The Good Old Days - You be the Judge

As a child, I remember spending the summers at my grandparent’s farm.

The first morning there, as I jumped from the feather bed, which seemed to be two foot thick, my feet would hit the cold floor, and out the door I would go. Being still only half awake, I would walk across the chicken yard to the outdoor privy and then back to the house where I would find the wash bowl, with water collected from the rain barrel which caught the water from the roof. I’d wash my face and hands before I entered the house for breakfast. Now came one of the best part of the day: breakfast.

My grandmother would awake about four o’clock and start preparing breakfast on her wood burning stove. We would sit around a large wooden table for twelve, pray, and then dig in. First there was Kellogg Corn Flakes, out of the biggest cereal box that you have ever seen, followed by eggs, biscuits and gravy, sausage, bacon, country ham and red eye gravy, fried potatoes and fresh milk from their cow, because there wasn’t a refrigerator, or electricity for that matter. After eating our fill, off to the work fields we went.

In the tobacco plot, we would hoe the weeds and pull the tobacco worms. My cousins always made me bite off the worms’ heads to kill them, because there weren’t pesticides then. Then, I had to break off the part of the plant that wasn’t wanted, called suckers. Then, on to the corn field where we did more hoeing. After that, if there was still daylight, all that was left to do was bale hay.
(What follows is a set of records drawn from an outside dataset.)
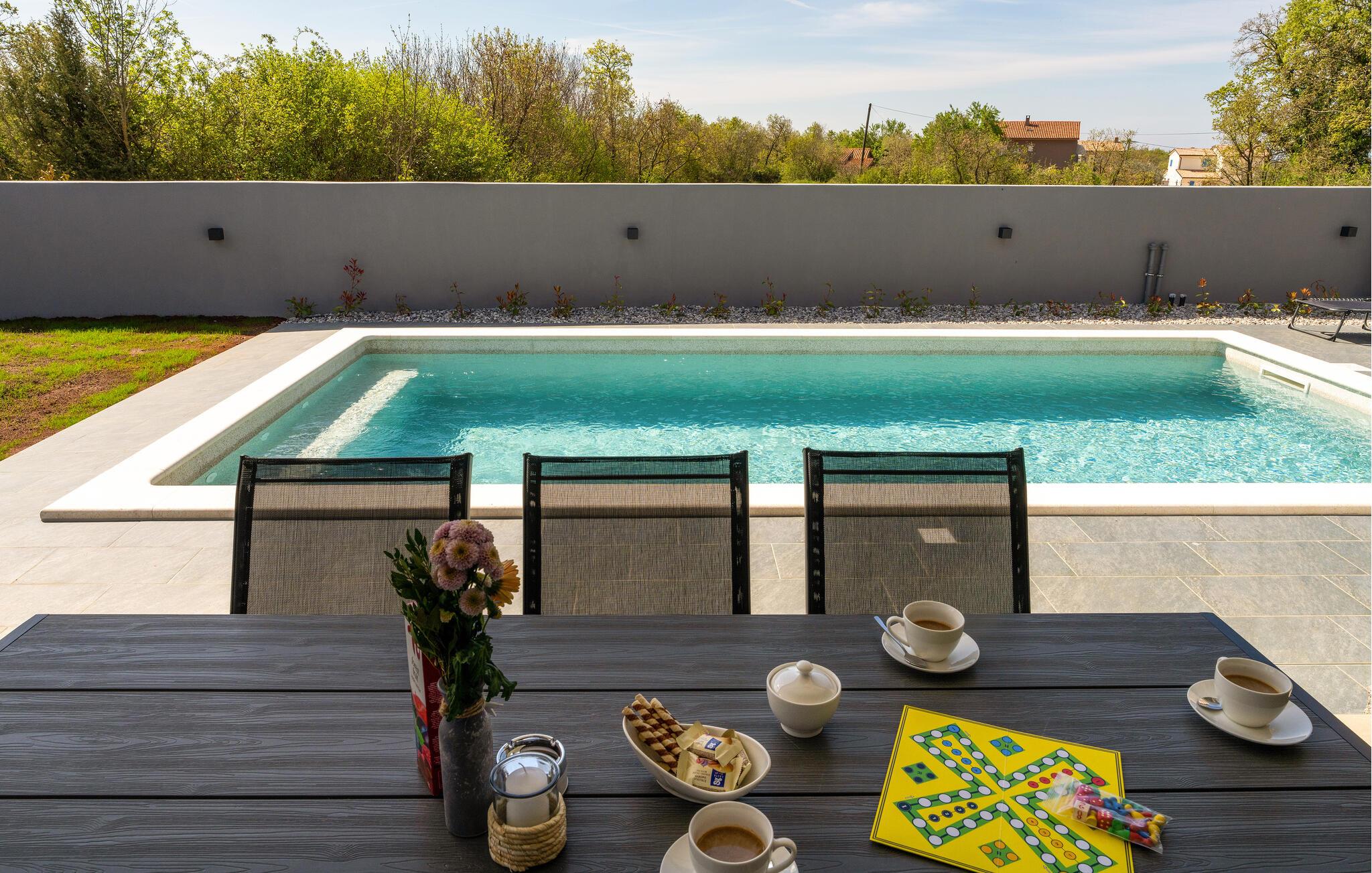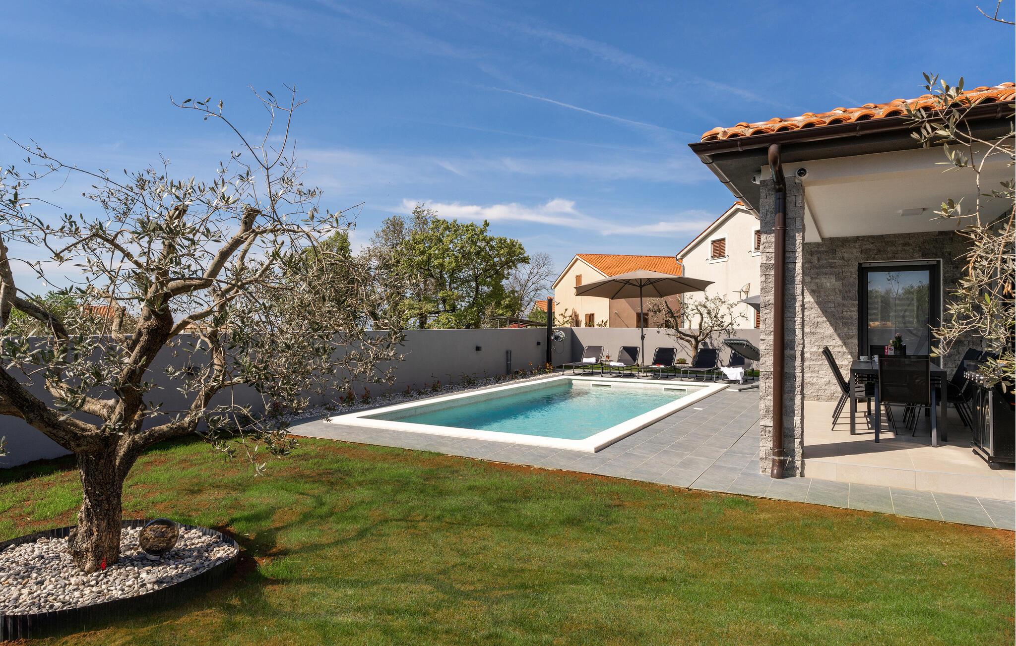 snup en frisk dukkert i det krystalklare vand i jeres smukke pool og nyd solen på en behagelig liggestol. Mens jeres børn benytter legefaciliteterne på den velholdte ejendom, kan I i ro og mag tilberede en stemningsfuld grill.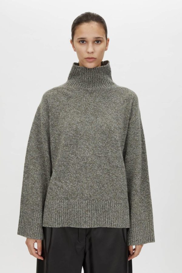 CAMILLA AND MARC Breccia Wool Knit Sweater in Khaki Twill.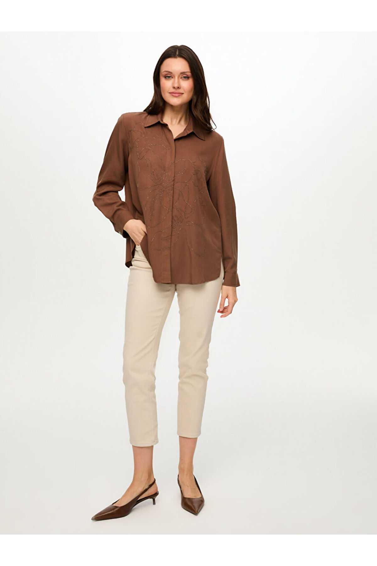 Chain Embroidery Detailed Lyocell Shirt S26GML024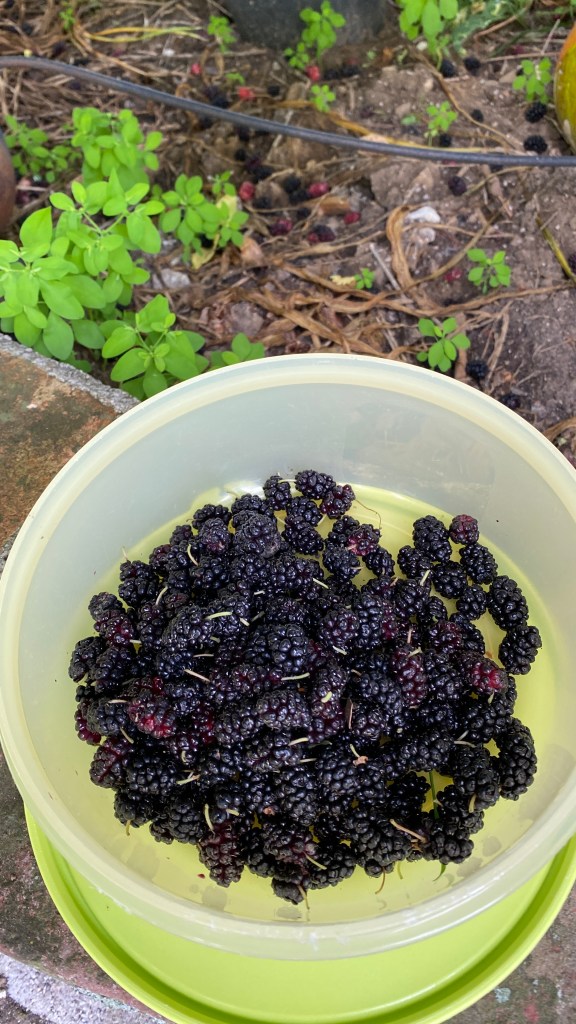 Am besten schmecken die Maulbeeren kurz bevor sie abfallen, dh kurz bevor sie dunkelblau sind, weswegen „pflücken“ besser ist als sie vom Boden aufzusammeln. Mit ruhiger Hand und viel Geduld sammelt man dann jede einzelne Frucht ab ohne die Äste zu berühren. (im Grunde so wie bei diesem Geduldsspiel, wo man mit einem Drahtkolben „Metallwege“ abfährt und es dann sofort laut hupt, wenn man das Metall berührt 🤣) Und natürlich hängen die schönsten Früchte gaaaaanz oben, was mich dann dazu anspornt mittels Leiter weiter hoch zu klettern 😉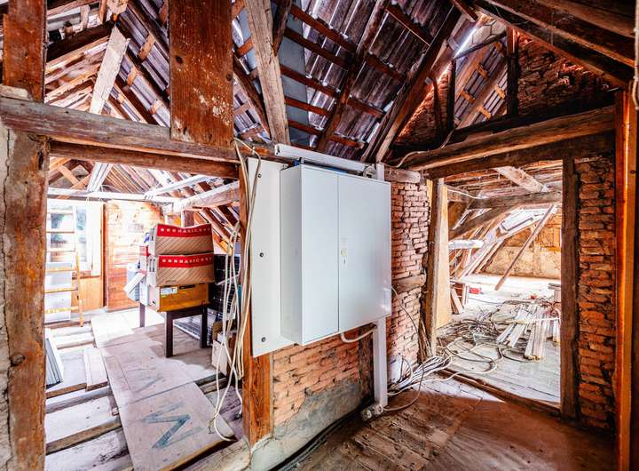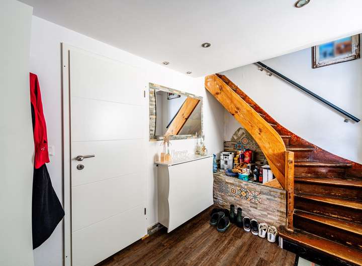 Das Wohnhaus erstreckt sich über zwei Etagen und verfügt über eine Wohnfläche von ca. 112 m². Das Dachgeschoss bietet viel Potenzial für einen Ausbau – ob als Atelier, Büro oder zusätzliche Schlafräume.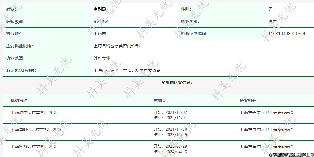 主要執(zhí)業(yè)機構:上海名媛醫(yī)療美容門診部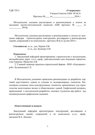 Документ содержит методические указания для разработки расчетно-графической работы по проектированию двухэтажного здания с использованием мелкоразмерных элементов. В нем рассматриваются рекомендации по созданию архитектурно-конструктивных чертежей, включая планы этажей, кровли и фундамента, а также технические аспекты проектирования. Целью материала является углубление теоретических знаний и получение практических навыков у студентов специальности 'промышленное и гражданское строительство'.

I can tell you that nothing is as itchy as leaves of hay on a sweaty body. In between some of this we would stop for dinner. There granny, as we called her, had prepares a feast of roast beef and potatoes, pork chops, fried chicken, and as many as six fresh vegetables from her garden. All the meat came from the smoke house where it had been hung since last fall. The chicken was fresh, usually hens that had stopped laying. The potatoes and onions came from the cellar, which was a room underground to keep them cool. They churned the butter, and my grandfather’s favorite part of the meal was buttermilk with cornbread crumbled in it. The flour and meal were ground with belts attached to the tractor. I never saw my grandparents buy anything at the store with the exception of salt, sugar and Kellogg Corn Flakes.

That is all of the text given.